When spirituality is taught in the university, its current manifestation is described as the “subjective turn” where folks turn away from external sources of authority and values towards themselves. This is not necessarily a bad thing if those subjective and individual values are more useful than the external and cultural values left behind. However, more often than not, what defines contemporary spirituality is not the “subjective turn” but the “corporate turn,” where spirituality is reduced to a range of products and services sold to an unwitting audience who believe their purchases enable their spiritual development. I have written about this in the article Lohas and the Indigo Dollar: Growing the Spiritual Economy, and would also recommend reading Jeremy Carrette and Richard King’s book Selling Spirituality: The Silent Takeover of Religion for further discussion on this topic.

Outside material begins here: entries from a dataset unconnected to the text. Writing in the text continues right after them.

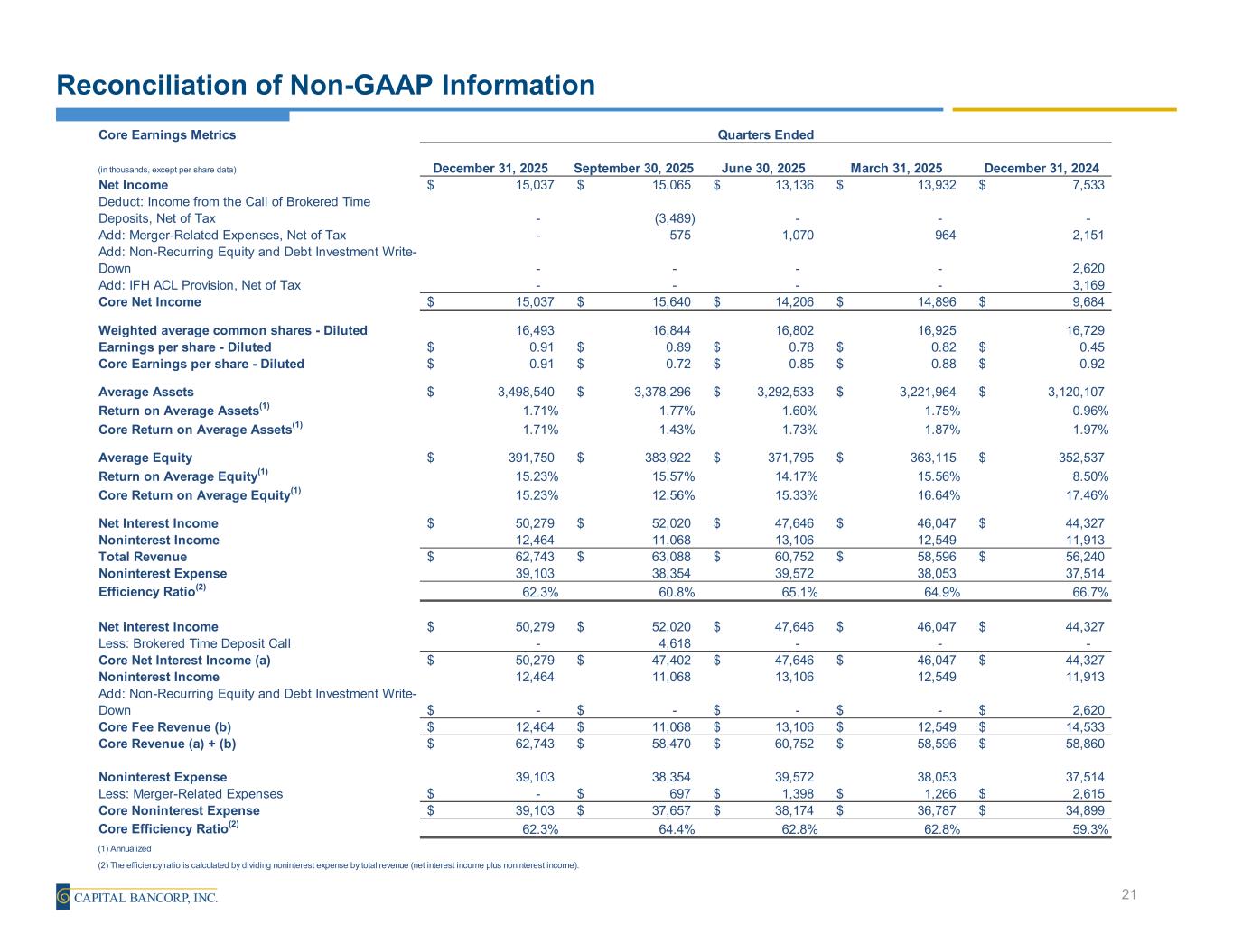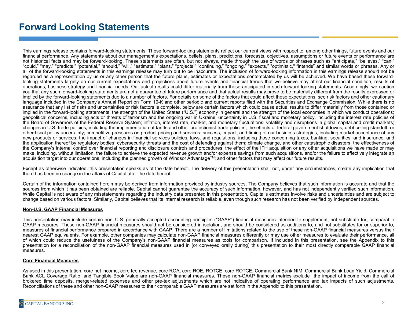 Forward Looking Statements This earnings release contains forward-looking statements. These forward-looking statements reflect our current views with respect to, among other things, future events and our financial performance. Any statements about our management’s expectations, beliefs, plans, predictions, forecasts, objectives, assumptions or future events or performance are not historical facts and may be forward-looking. These statements are often, but not always, made through the use of words or phrases such as “anticipate,” “believes,” “can,” “could,” “may,” “predicts,” “potential,” “should,” “will,” “estimate,” “plans,” “projects,” “continuing,” “ongoing,” “expects,” "optimistic," “intends” and similar words or phrases. Any or all of the forward-looking statements in this earnings release may turn out to be inaccurate. The inclusion of forward-looking information in this earnings release should not be regarded as a representation by us or any other person that the future plans, estimates or expectations contemplated by us will be achieved. We have based these forward- looking statements largely on our current expectations and projections about future events and financial trends that we believe may affect our financial condition, results of operations, business strategy and financial needs. Our actual results could differ materially from those anticipated in such forward-looking statements. Accordingly, we caution you that any such forward-looking statements are not a guarantee of future performance and that actual results may prove to be materially different from the results expressed or implied by the forward-looking statements due to a number of factors. For details on some of the factors that could affect these expectations, see risk factors and other cautionary language included in the Company's Annual Report on Form 10-K and other periodic and current reports filed with the Securities and Exchange Commission. While there is no assurance that any list of risks and uncertainties or risk factors is complete, below are certain factors which could cause actual results to differ materially from those contained or implied in the forward-looking statements: the strength of the United States (“U.S.”) economy in general and the strength of the local economies in which we conduct operations; geopolitical concerns, including acts or threats of terrorism and the ongoing war in Ukraine; uncertainty in U.S. fiscal and monetary policy, including the interest rate policies of the Board of Governors of the Federal Reserve System; inflation, interest rate, market, and monetary fluctuations; volatility and disruptions in global capital and credit markets; changes in U.S. trade policies, including the implementation of tariffs and other protectionist trade policies; the effects of federal government shutdowns, debt ceiling standoff, or other fiscal policy uncertainty; competitive pressures on product pricing and services; success, impact, and timing of our business strategies, including market acceptance of any new products or services; the impact of changes in financial services policies, laws, and regulations, including those concerning taxes, banking, securities, and insurance, and the application thereof by regulatory bodies; cybersecurity threats and the cost of defending against them; climate change, and other catastrophic disasters; the effectiveness of the Company's internal control over financial reporting and disclosure controls and procedures; the effect of the IFH acquisition or any other acquisitions we have made or may make, including, without limitation, the failure to achieve the expected revenue growth and/or expense savings from such acquisitions, and/or the failure to effectively integrate an acquisition target into our operations, including the planned growth of Windsor AdvantageTM; and other factors that may affect our future results. Except as otherwise indicated, this presentation speaks as of the date hereof. The delivery of this presentation shall not, under any circumstances, create any implication that there has been no change in the affairs of Capital after the date hereof. Certain of the information contained herein may be derived from information provided by industry sources. The Company believes that such information is accurate and that the sources from which it has been obtained are reliable. Capital cannot guarantee the accuracy of such information, however, and has not independently verified such information. While Capital is not aware of any misstatements regarding the industry data presented in this presentation, Capital's estimates involve risks and uncertainties and are subject to change based on various factors. Similarly, Capital believes that its internal research is reliable, even though such research has not been verified by independent sources. Non-U.S. GAAP Financial Measures This presentation may include certain non–U.S. generally accepted accounting principles ("GAAP") financial measures intended to supplement, not substitute for, comparable GAAP measures. These non-GAAP financial measures should not be considered in isolation, and should be considered as additions to, and not substitutes for or superior to, measures of financial performance prepared in accordance with GAAP. There are a number of limitations related to the use of these non-GAAP financial measures versus their nearest GAAP equivalents. For example, other companies may calculate non-GAAP financial measures differently or may use other measures to evaluate their performance, all of which could reduce the usefulness of the Company's non-GAAP financial measures as tools for comparison. If included in this presentation, see the Appendix to this presentation for a reconciliation of the non-GAAP financial measures used in (or conveyed orally during) this presentation to their most directly comparable GAAP financial measu
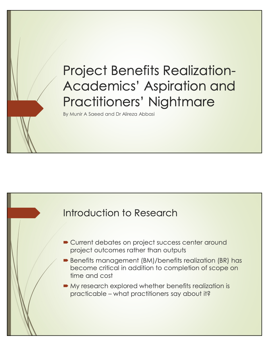 Project Benefits Realization- Academics’ Aspiration and Practitioners’ Nightmare
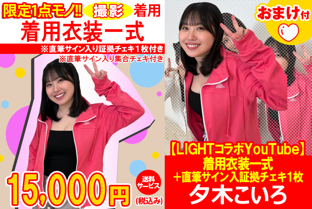 - 《【YouTube撮影衣装】★夕木こいろ★》限定1点!「夕木こいろ」がLIGHTコラボYouTube撮影時に着用していた衣装一式+証拠チェキ1枚+集合チェキ1枚におまけが付いたセットです。
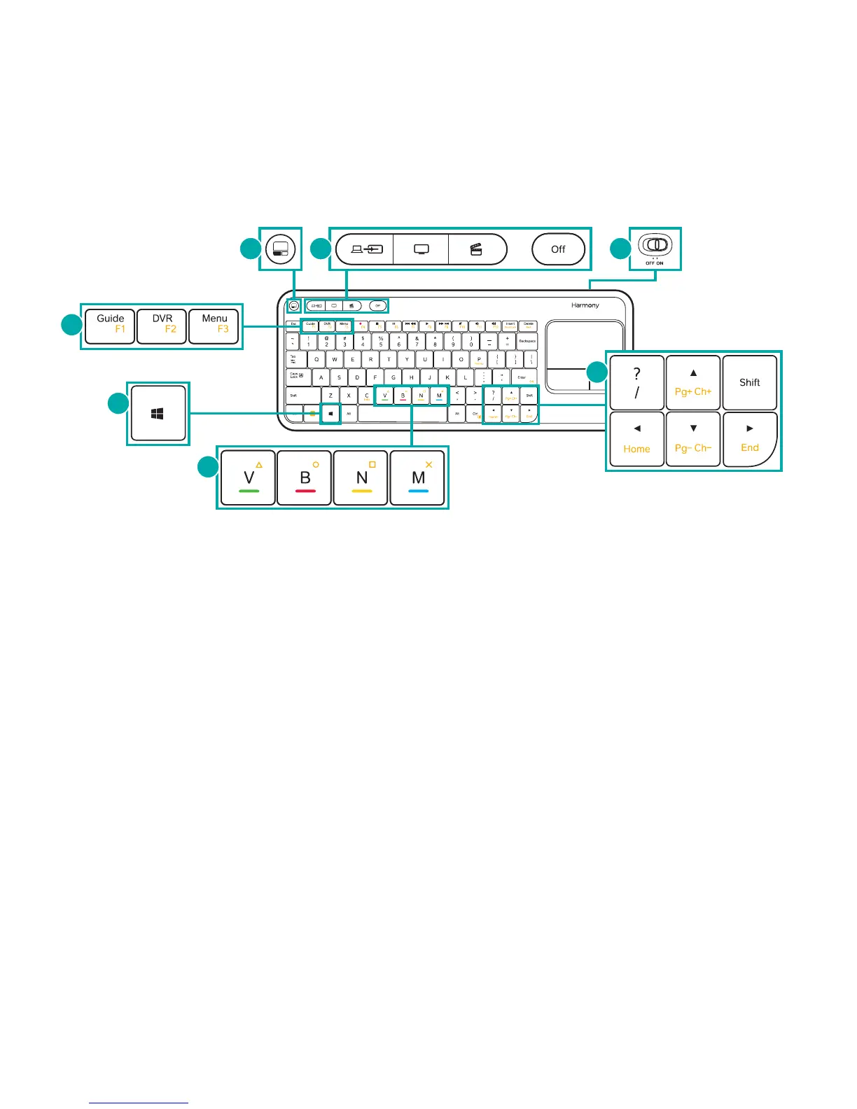 7. Computer Page Up/Down or set top box Channel Up/Down when used in combination
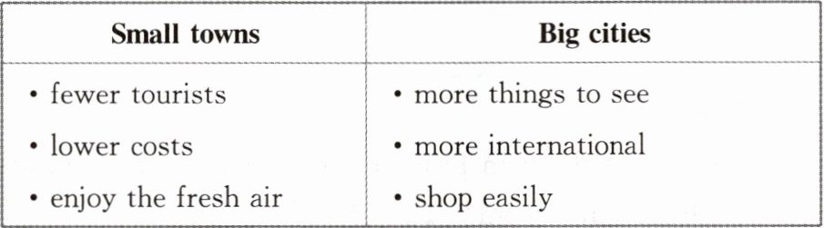 Firstly, there are fewer tourists in small towns. So it will never be too crowded. Secondly, travelling in small towns needs lower costs than travelling in big cities. I can use the same amount of money to visit more places. The most important thing is that I love nature. So when I visit the small towns, I can enjoy the fresh air which will make me feel comfortable.
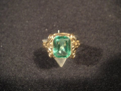 Gold ring with green staircase cut peridot.
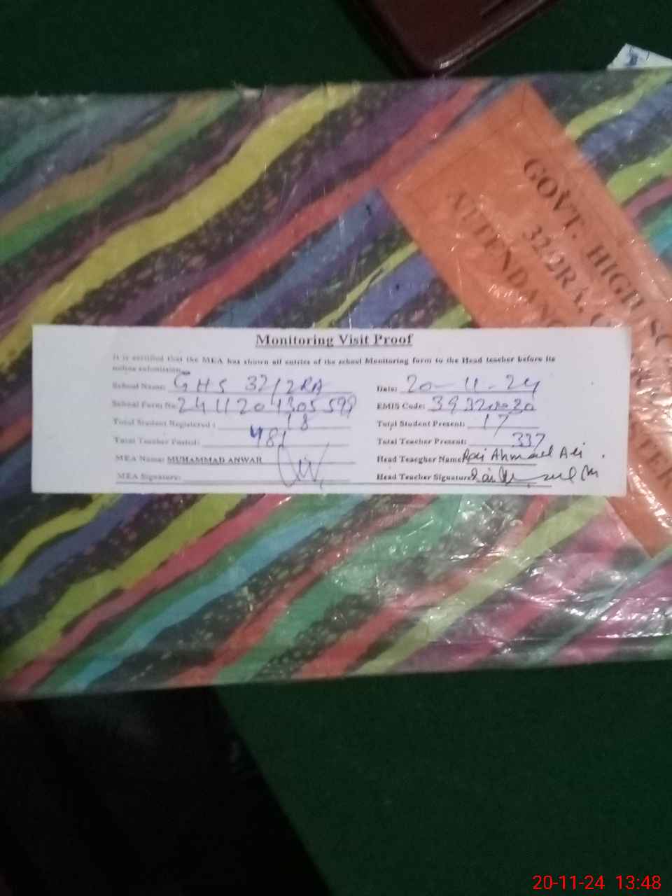 | Attendance Register | Head Teacher | MEA with School | Visit Proof |
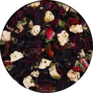 Гибискус, кусочки яблока, изюм, ягоды черной смородины, кожура шиповника, лепестки василька, листья смородины.

One excellent example of this trend comes in the recent edition of the Watkins Review and their 100 Spiritual Power List, the top ten of which comprises:

  1. Eckhart Tolle
  2. Dalai Lama
  3. Wayne W. Dyer
  4. Thich Nhat Hanh
  5. Deepak Chopra
  6. Louise L. Hay
  7. Paulo Coelho
  8. Oprah Winfrey
  9. Ken Wilber
  10. Rhonda Byrne

The striking commonality across the 100 on the list is their ability to shift product. If these people really are significant in the spiritual development of sentient life on Earth we are in woeful trouble. There are a number of people on the list I have written about in the past who are problematic, to say the least. There are also those I have witnessed at work in the flesh, and even one or two I know in person: it is not an encouraging list.

Of course, people will say “ah, but this about those people recognised in the public domain, not necessarily those who are most representative of ‘genuine’ spirituality.” But this only consolidates the bankrupt nature of the common understanding of the word: equating air time and sales with spiritual significance, influence and “power” (which itself is a troubling word in the context of the spiritual).

As is often the case, I end up sounding a bit Richard Dawkins, as if there is something inherently corrupt and deceitful about the spiritual, which is not (should not) be the case. I am firmly supportive of spiritual worldviews, but no longer of the word “spirituality.”

The time has come for anyone interested in meaningful conversations about what is loosely described as “spirituality” to abandon the term and seek a new vocabulary that is not tainted by the seemingly inescapable co-opting power of sales and marketing. This may sound like an impossible task, but remember it wasn’t that long ago (20 years?) that people referred more to the word “mysticism,” and this was largely supplanted by “spirituality.”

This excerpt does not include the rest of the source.